Yes, you should get results that match the ones in the paper (or at least comparable based on the training process and randomisation weights). I cannot figure out the problem based on the results, but it looks like the AE did not train appropriately.

I couldn't verify the issue, I cloned the repo now and run the main.py script and I attached the results to this reply.

Could you check python and keras versions you are using? Also, check that you didn't change any of the learning parameters.

04_04_2021__15_51_Results.txt

tejas-kale commented 3 years ago

Hi, thanks for your response. I reran main.py and I agree that there is a problem with training at my end. In the logs that you attached, training and validation accuracy is around 98% whereas, in my runs, it hovers around 30%. I am attaching the epoch-wise loss and accuracy values for reference.

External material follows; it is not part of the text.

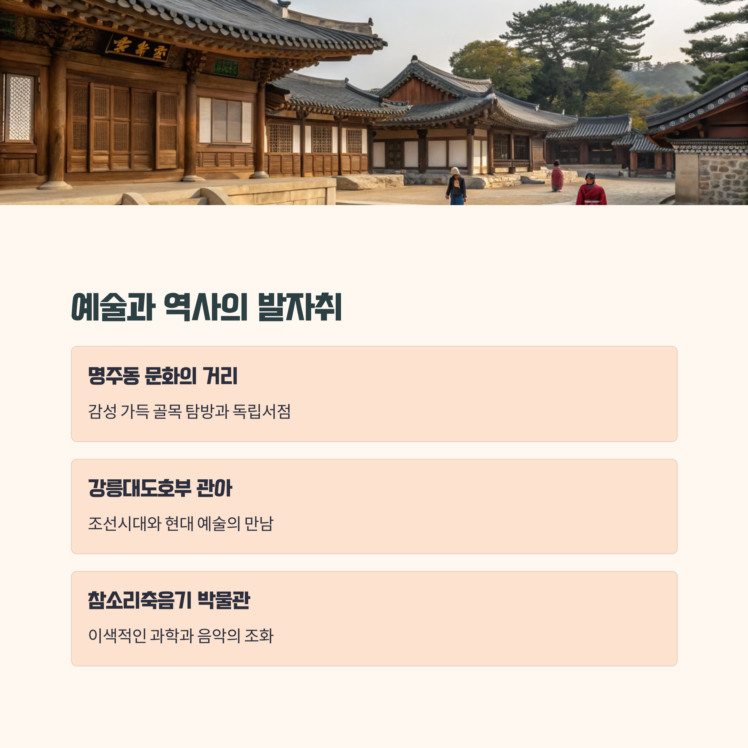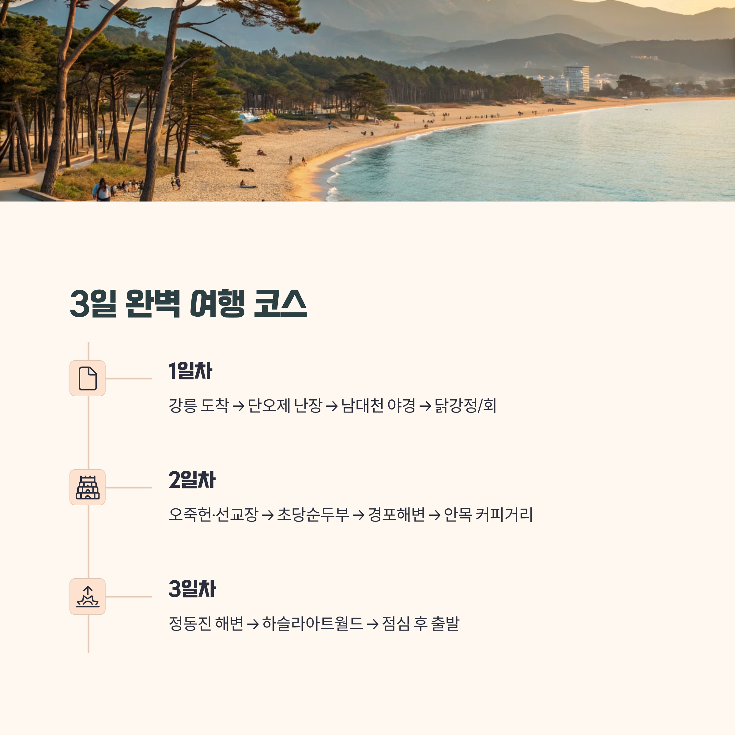 - 2일차: 오죽헌·선교장 탐방 → 초당순두부 점심 → 경포해변 산책 → 안목 커피거리 카페투어
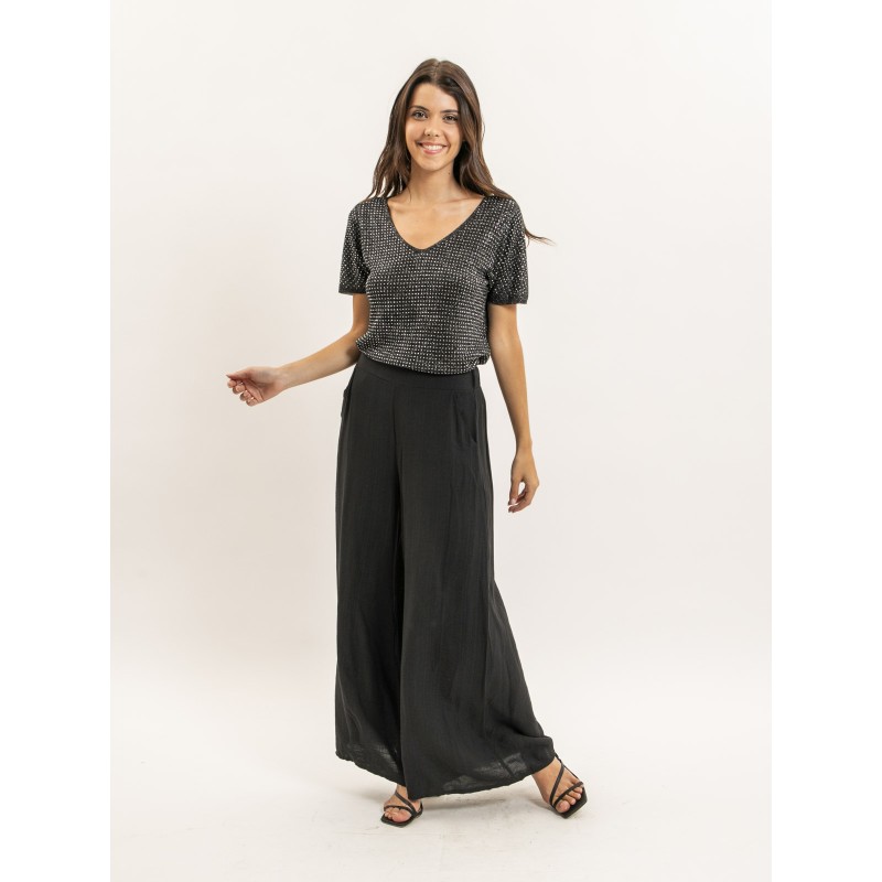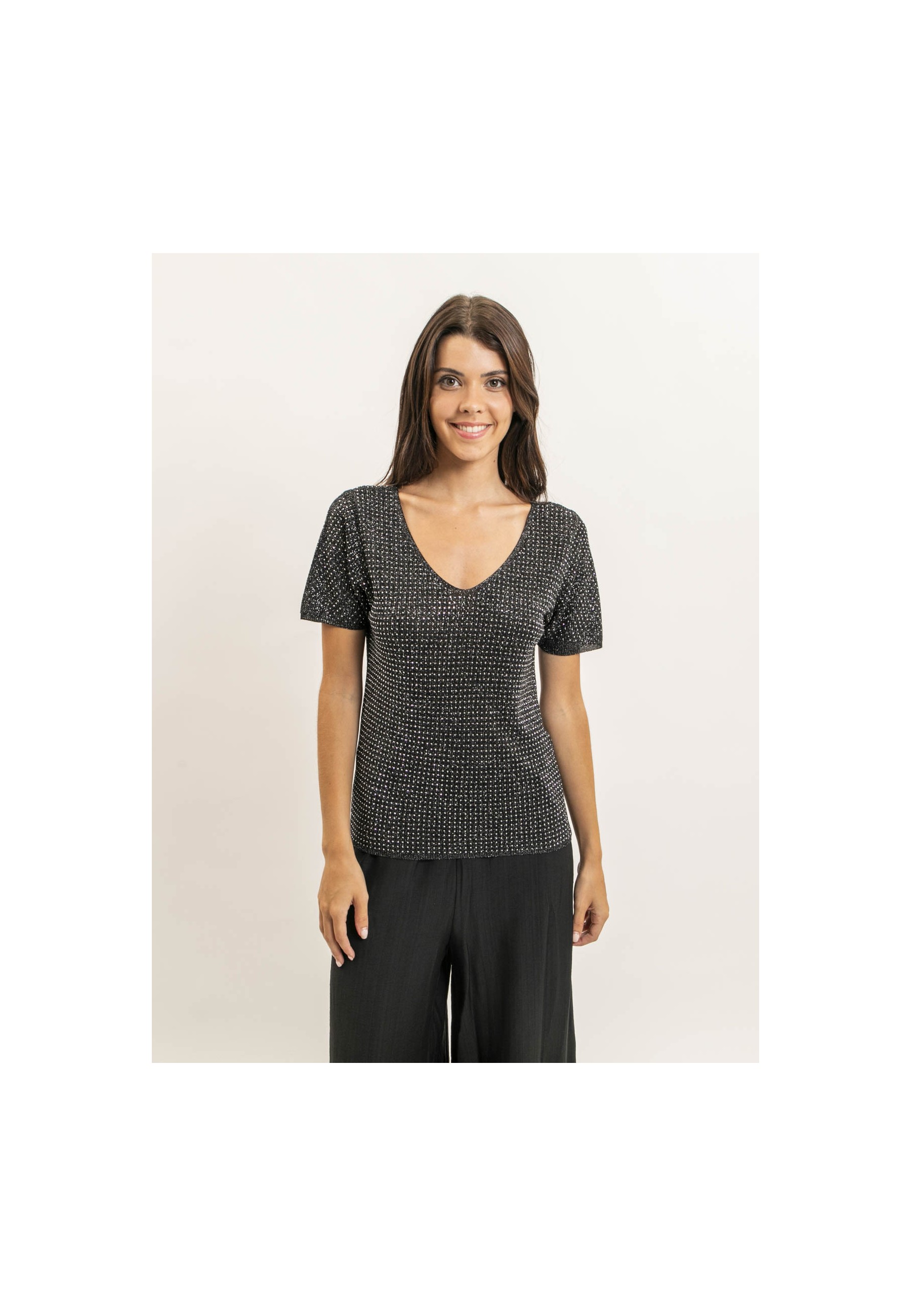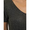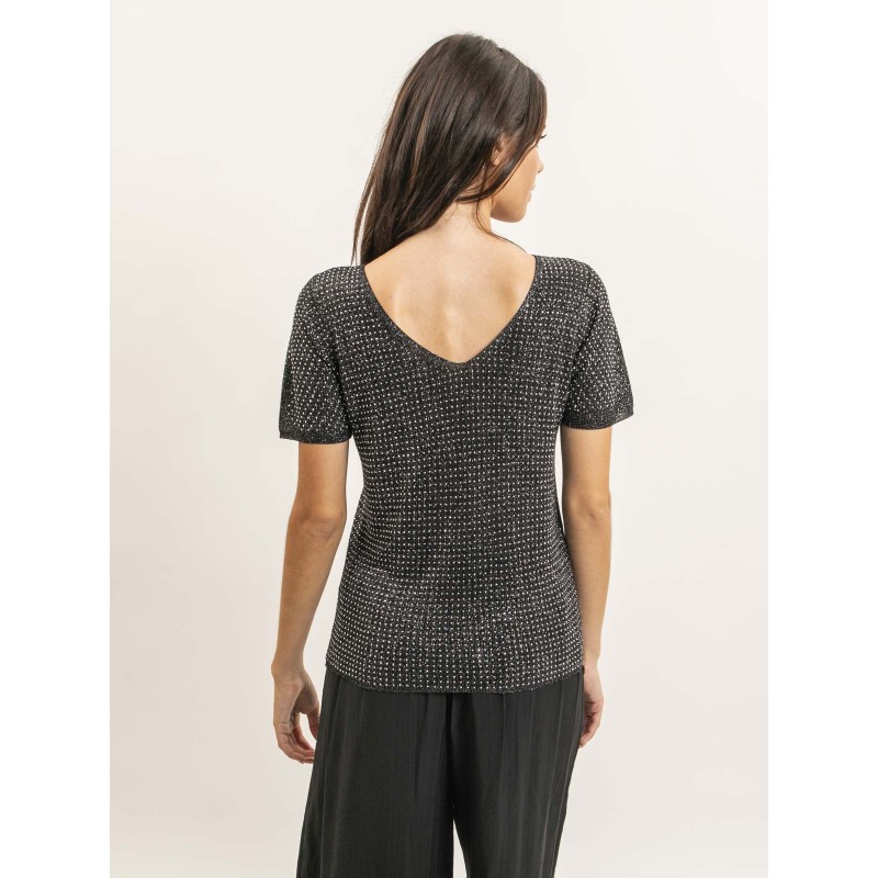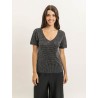 Un top élégant qui allie subtilement confort et sophistication. Parfait pour sublimer vos tenues, il se distingue par son tissu scintillant et sa coupe près du corps. Idéal pour vos soirées d'été ou pour ajouter une touche de glamour à vos journées, ce modèle intemporel vous accompagne avec style.

I am using Python version 3.6.8, TensorFlow (TF) version 2.4.1, and Keras version 2.4.0. I am using the Keras that comes bundled with TF. What environment are you using?

I did not change any of the learning parameters. Again, I have attached the results for reference. But, I had to make one change in autoencoder.py. I changed the line:

 self.model.compile(loss='mean_squared_error', optimizer = 'adadelta',  metrics=[self.accuracy])

to

self.model.compile(loss='mean_squared_error', optimizer = 'adadelta',  metrics=["accuracy"])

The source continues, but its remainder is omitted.